Yeah sure, I messed up quite a bit along the way. Back then, I was just trying too hard. I enlisted. We became friends again. I tried to take it further. Got rejected. I left the army and saw her leave for overseas studies, all in the same day. I thought that was it, and I was cool with that...

Just last year, she returned home from studies, and we met. I was a changed man, but so were her circumstances. She had to leave the "place" where we had met each other. Yes, politics beyond our control. It didn't matter to me. We tried to hit it off, and things did look optimistic. Long story short, a few dates later we said we'd try. For a year. Nonetheless, I was happy. No... overjoyed. I was a relationship with a girl I had always wanted to be with all this while. Even when she was far away. I never did stop thinking about her.

We talked everyday. Skyped every week. Every waking moment of it was like a dream come true. There were never awkward silences between us. We never faked a smile. Then I realized... we were taking it too fast. We had to slow down. That was the time, 3 months after our decision to try, when she went silent. When we finally did talk at the end of the week, she said we had to break up....

Reason: she didn't want to drag me down with her. She didn't want to drag me into her circumstances, away from the life in that place we once befriended each other. Because I still had commitments in that place. She didn't want to be accused of stealing me. It was a burden she couldn't bear, because that place we shared was a place she much rather forget. Circumstances.

She apologized unceasingly. For her pride. For her selfishness. Whatever. I WAS WILLING TO DO ANYTHING TO MAKE IT RIGHT. She was just adamant. "I know this is the best for us," she said. She wanted to cut off all contact. I told her to think twice about it. Her family stepped in. Fended for me. Saying she wasn't being fair to me by doing all this. She relented... a little. We would just remain friends, but it was officially over.

I was unable to accept it. I was the one who got dumped after all. All this happened 2 months ago, and I still can't get over it... until now. She said she had nightmares of us arguing, blaming each other for this failed relationship. She couldn't have been further from the truth. They say that dreams are only real as long as they last. For me, those nightmares were a representation of the reality that I had been hurt by her. I did harbor somewhat of a grudge, more driven by the fact that she ended it so quickly. Then, He told me to forgive. All this wouldn't have happened if He hadn't allowed it. It was for a greater purpose, although when we're grieved, we rarely see how that can even make sense. But, I trust Him more than I trust myself.

To that extent, I heard a sermon in church recently about CLOSURE (thus the heading of this post). It was just Him giving me His confirmation once again. This has to end. Whether it be perpetually or not, it had to be done proper. It's gonna be hard to severe this friendship for now, but even harder for me if I don't. I should've just taken up her offer there and then to cut things off completely... as it drags on, now it just becomes more difficult.
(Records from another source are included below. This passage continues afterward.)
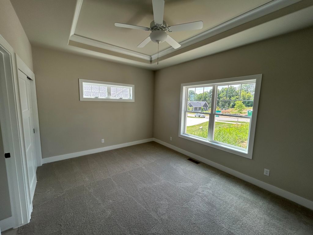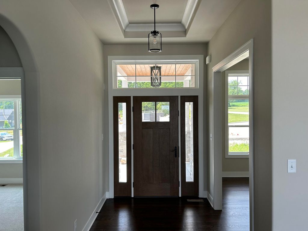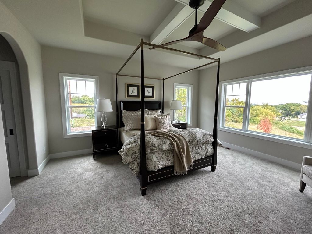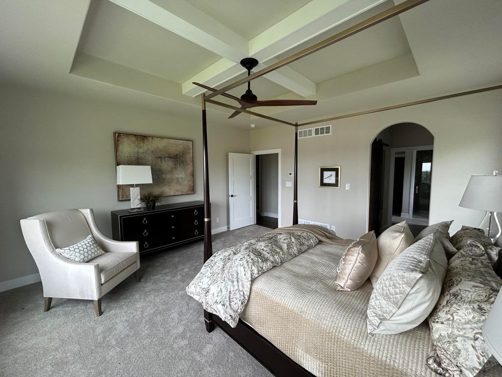 Available July, 2025. Pricing includes landscaping and irrigation. Home prepped for elevator, and grade level access at front door and garage. Trayed ceilings, gas fireplace and roll-in shower. Spectacular views from this hilltop residence to the south and east. Finished lower level, with full exposure to walk out patio. Additional Lower level flex room for exercise or office. Enjoy, relax, entertain !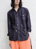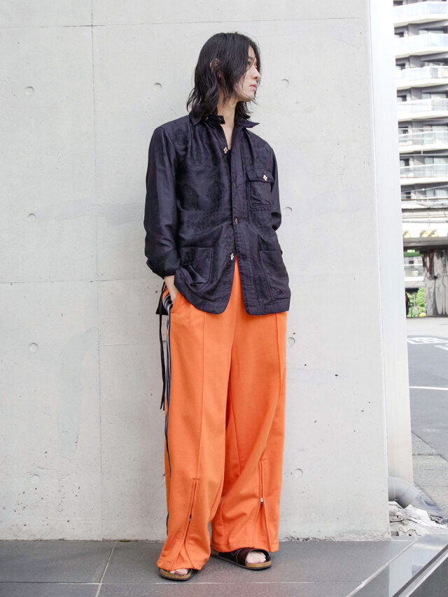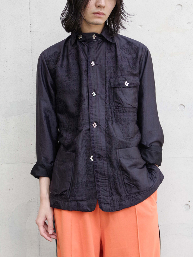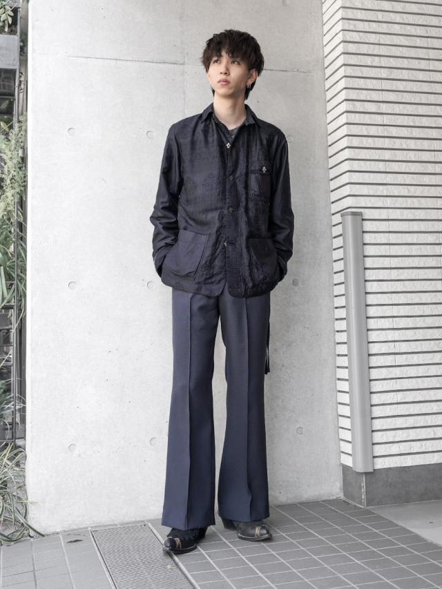 襟はバンド仕様でアクセントをプラス。ボタンには人の形をしたヴィンテージボタンを採用し、唯一無二の存在感を放つ一着です。
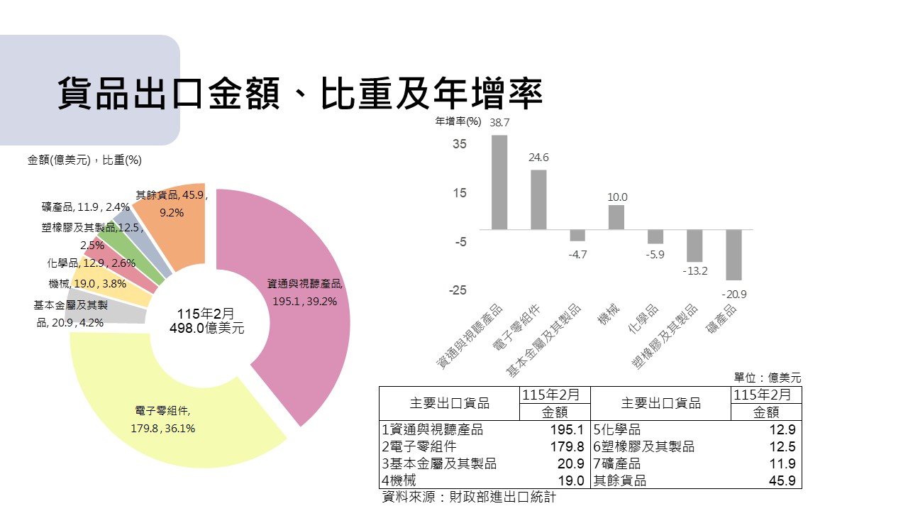 2月出口貨品以資通與視聽產品195.1億美元金額居冠(占比39.2%),增幅38.7%,其次為電子零組件179.8億美元(占比36.1%),增幅24.6%。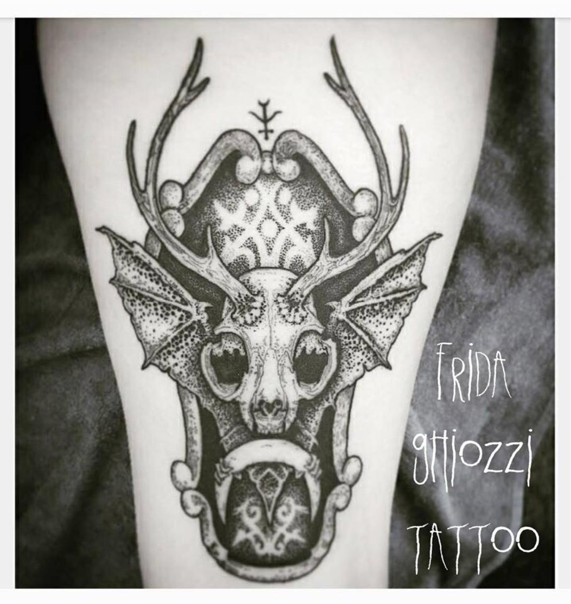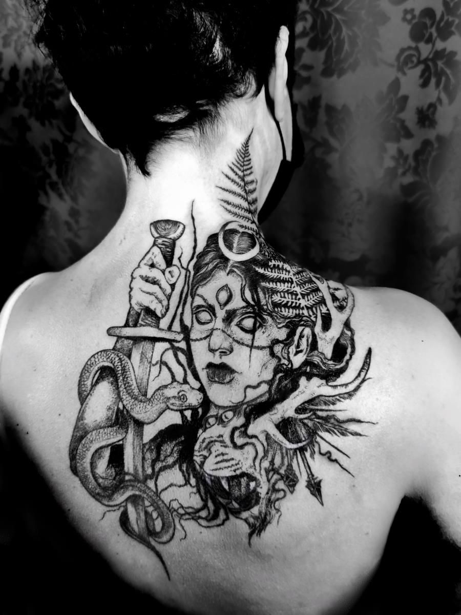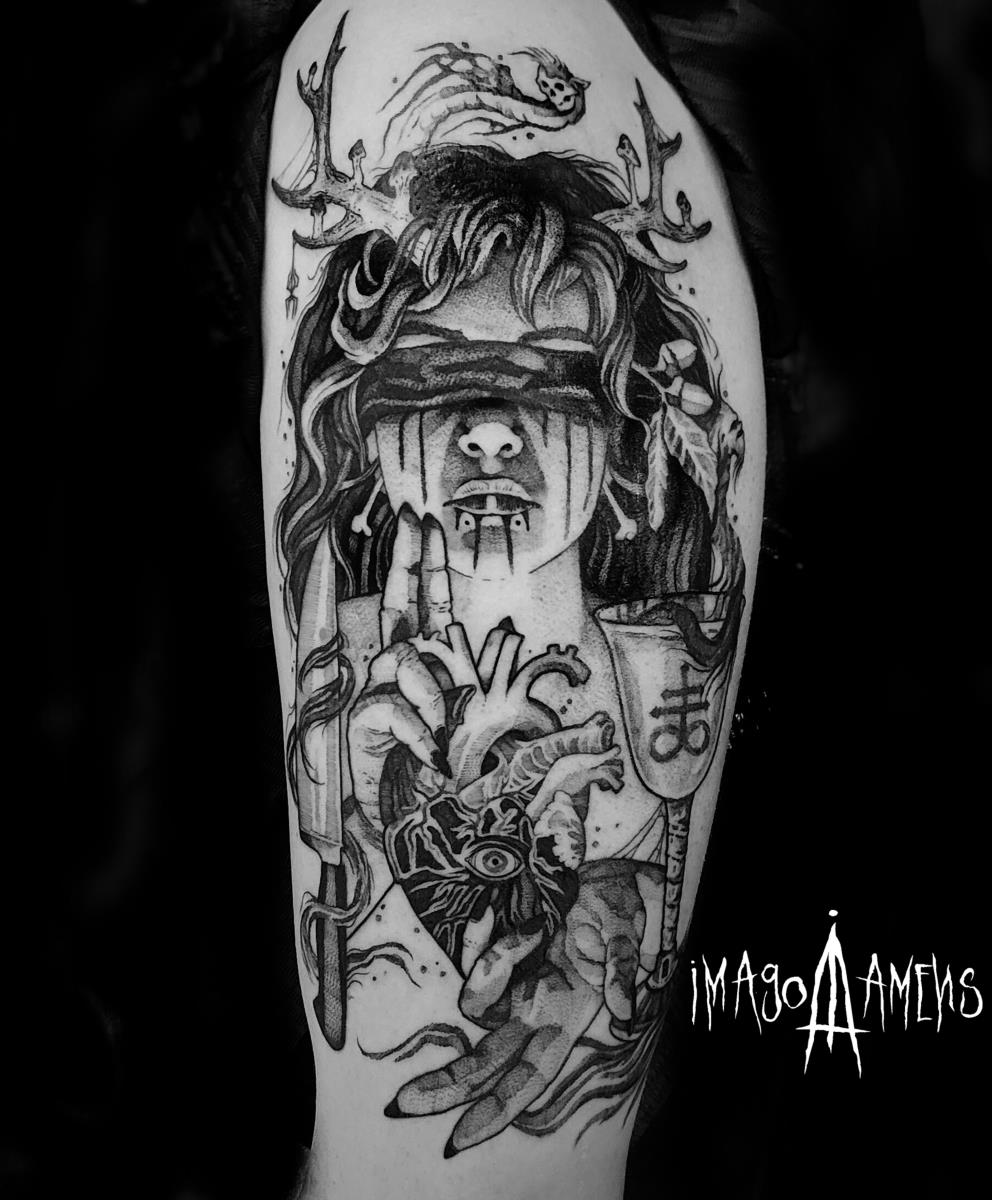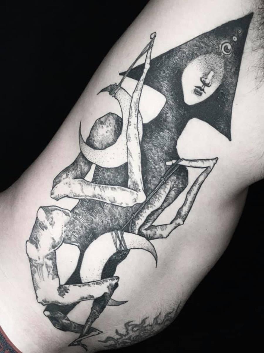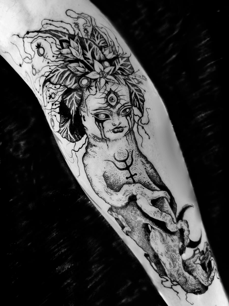 I tatuaggi vengono realizzati totalmente in bianco e nero in una personale tecnica caratterizzata dall'uso del nero puro, grandi contrasti generati da linee, segni e riempimenti graffianti e decisi. La sua passione per l'ombra, l'occulto, i segreti della psiche e il lato misterico della natura emergono nei soggetti da lei interpretati.

I'm sleeping lesser these days, not just because of the insane classes I have to cope with this semester, but mainly because of her. I'm afraid that I will never be able to find someone better, and my sis says it's silly to think that way. Maybe, the reason why I choose to live in denial of our break-up is because no one has been more accepting of me than her. My quirkiness, my jokes, my horrible taste in music.... she saw past all that. Yet, because of circumstances... she thinks we are not meant to be.

It has to be done. I need to close this chapter... and move on to the next. All I can do is pray that it won't pain me so much doing it.

I just hope you're okay too. Your condition worries me, even though you say it's fine now. Hearing about it makes it all the more difficult to do this. You might not want my concern, but that's just a show of how much I cherish our friendship, even after all you've done. I hope you understand that.